The language of the award does not import that the arbitrators have come to any conclusion in respect to damages; but that they are unable to do so by reason of disagreement among themselves. They are only able to agree that each party pay “ his own arbitrators ” the sum stated for their services. It is quite unlike the award in Stickles v. Arnold, 1 Gray, 418, and the awards in the other cases there referred to. The arbitrators have not decided the principal matter which was submitted to them, and such an award is no bar to this action. Houston v. Pollard, 9 Met. 164. Fletcher v. Webster, 5 Allen, 566. Estes v. Mansfield, 6 Allen, 69.
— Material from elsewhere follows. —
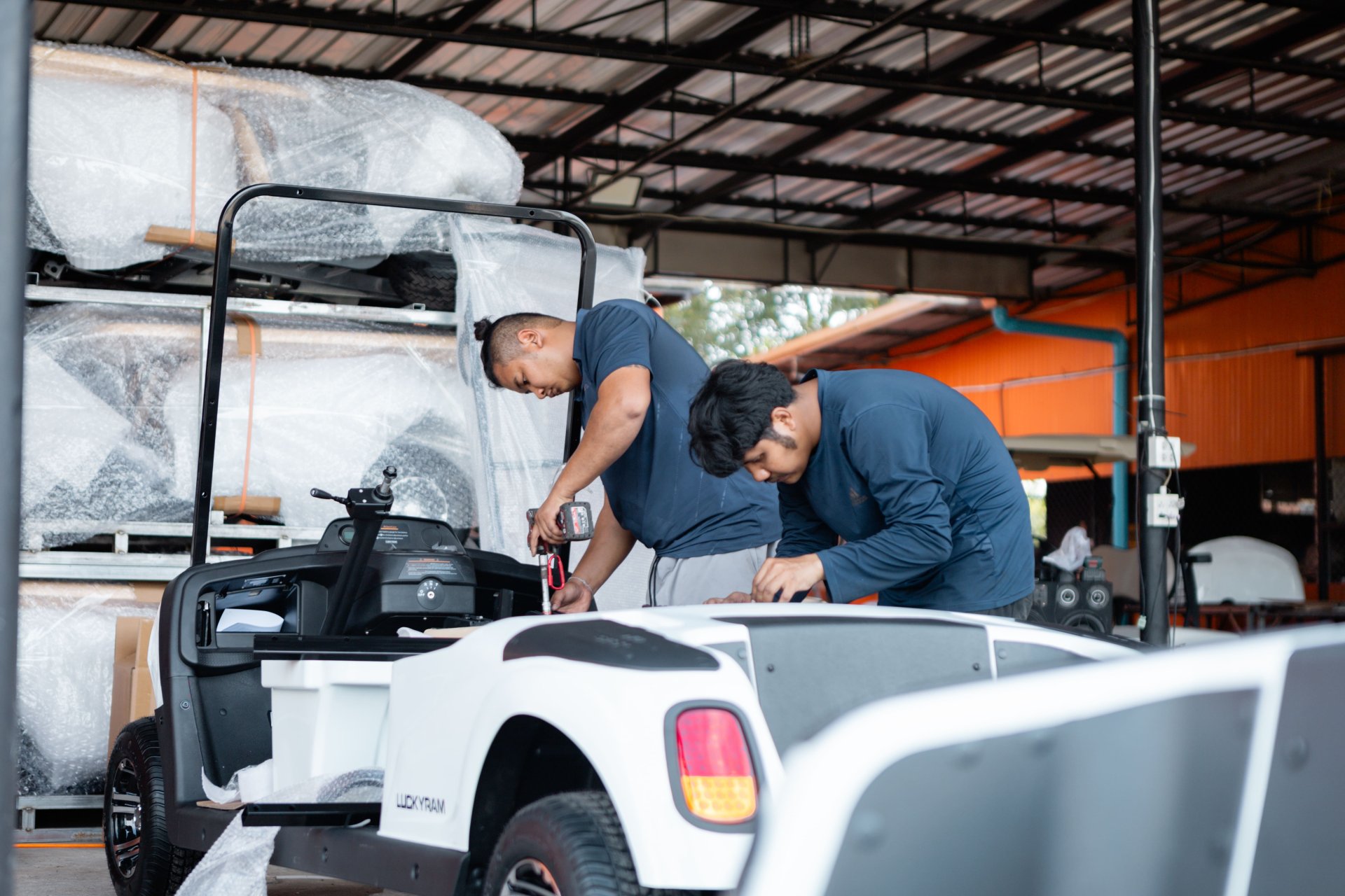 คันที่เห็นในภาพเป็นงานประกอบรถใหม่ทั้งหมดจำนวน 3 คัน ซึ่งทีมช่างของเราดำเนินการตั้งแต่โครงสร้างพื้นรถ ระบบแบตเตอรี่ จนถึงขั้นตอนสุดท้ายคือการตรวจสอบระบบขับเคลื่อน

The insult and indignity inflicted upon a person by giving him a blow with anger, rudeness or insolence, occasion menta, suffering. In many cases they constitute the principal element *555of damage. They ought to be regarded as an aggravation of the tort, on the same ground that insult and indignity, offered by the plaintiff to the defendant, which provoked the assault, may be given in evidence in mitigation of the damage. Even where there is no insult or indignity, mental suffering may be a ground of damage, in an action of tort for an injury to the person. Canning v. Williamstown, 1 Cush. 451.

The amendment to the writ ought to have been delivered to the jury with the writ; and, if it was left behind by mistake, it was proper to send it to them. It was not like sending them a letter, as in Sargent v. Roberts, 1 Pick. 337; or a paper which they ought not to have, as in Whitney v. Whitman, 5 Mass. 405, and Alger v. Thompson, 1 Allen, 453. It happens not unfrequently that some paper belonging to the case is accidentally left behind when the jury retire, and to send it to them without remark cannot be regarded as a communication which must be made in the court room. Exceptions overruled.